La seconda mistificazione?

E’ la cancellazione dell’importanza dei militari nella Resistenza italiana. Sempre “a caldo” (il 13 maggio 1945 al teatro Eliseo) Ferruccio Parri raccontando ai romani la lotta partigiana (tra le grida “Viva gli Alleati!”) esaltava i “molti soldati”. Ma ancora nel 2010 Giorgio Napolitano doveva lamentare che il ruolo dei militari era stato “in passato tenuto in ombra”. Infatti, contro l’amnesia dominante in proposito, i presidenti della Repubblica Pertini, Ciampi e Napolitano si sono adoperati soprattutto per sottolineare come la Resistenza — da Porta san Paolo a Cefalonia — fu fondata dai militari italiani. La cancellazione dei militari è stata enorme e fortemente diseducativa. Si è arrivati alla criminalizzazione di eroici comandanti come nel “caso Mauri”, che venne ingiustamente accusato nel 1975 dal giudice Violante — nel trentennale della Resistenza — di golpismo. Lo stesso comandante partigiano comunista, Pietro Secchia, riconobbe invece l’importanza delle sue brigate: nell’autunno comandava 10mila uomini su un totale di meno di 50mila partigiani.

E la terza?

La terza cancellazione riguarda le forze politiche. A partire dalla strage di Porzus i non comunisti e i non filocomunisti sono espulsi dalla memoria della Resistenza. Socialisti, cattolici e liberali sono estranei alla lotta antifascista.

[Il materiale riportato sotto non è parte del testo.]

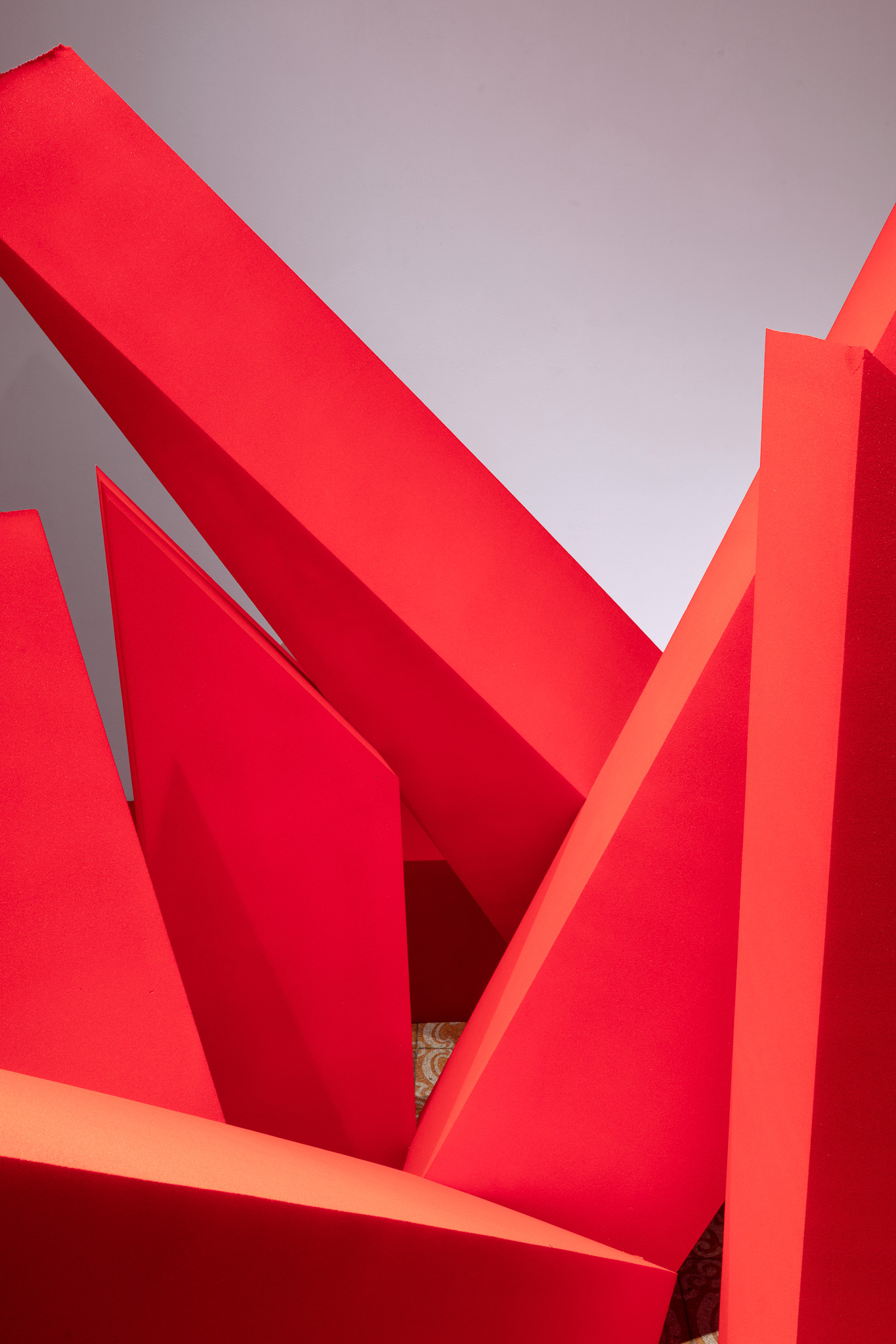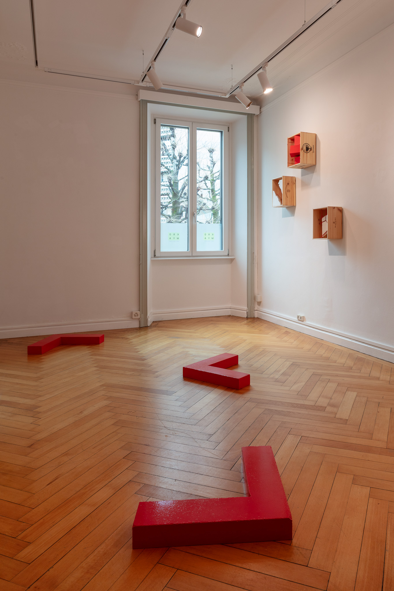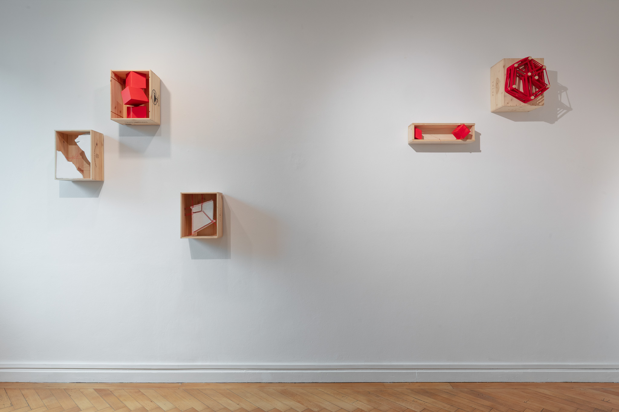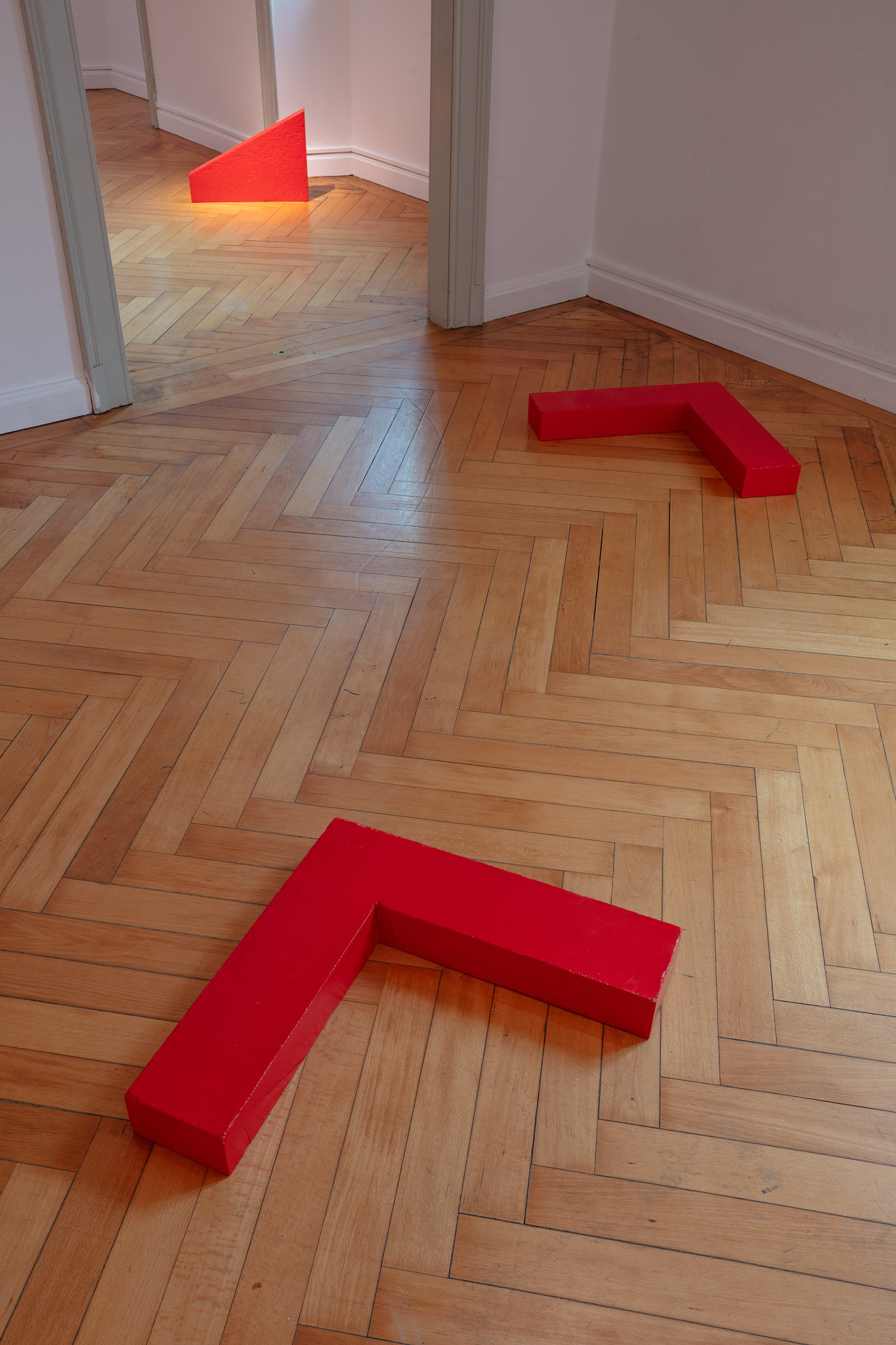 Elemento ricorrente dell’intero progetto è il colore rosso, che attraversa la mostra come una grammatica visiva comune. Il rosso diventa un segno di continuità capace di unificare materiali diversi — dalla pietra alla gommapiuma, dal plexiglas alla pittura — e di stabilire un equilibrio formale tra le opere.

Quali sono state le conseguenze di queste falsificazioni?

Il risultato è che nel gran celebrare il 25 aprile in realtà tra gli studenti chi conosce i nomi del capo militare e del capo politico della Resistenza? Il generale Raffaele Cadorna che era alla testa del comando unificato delle brigate partigiane e Alfredo Pizzoni che guidava il Cln dell’Alta Italia. Così come le Fosse Ardeatine sono una sorta di “fossa comune” senza identità, a cominciare da quella del colonnello Montezemolo che fu tra i primi a essere incluso nella lista da Kappler in quanto capo militare della lotta clandestina a Roma. Né si ricorda che la liberazione di Milano fu affidata dal Cln alla Guardia di finanza: 407 militari e 23 ufficiali.  

Però non tutta l’Anpi è sulle posizioni della sezione di Roma.

Il presidente dell’Anpi di Milano, Roberto Cenati, ha assunto una posizione molto positiva sulla Brigata ebraica e sul significato della celebrazione della Resistenza. Sarebbe ora che il 25 aprile non venisse usato per giustificare estremismo politico e atti di delinquenza contro soggetti storici dell’antifascismo.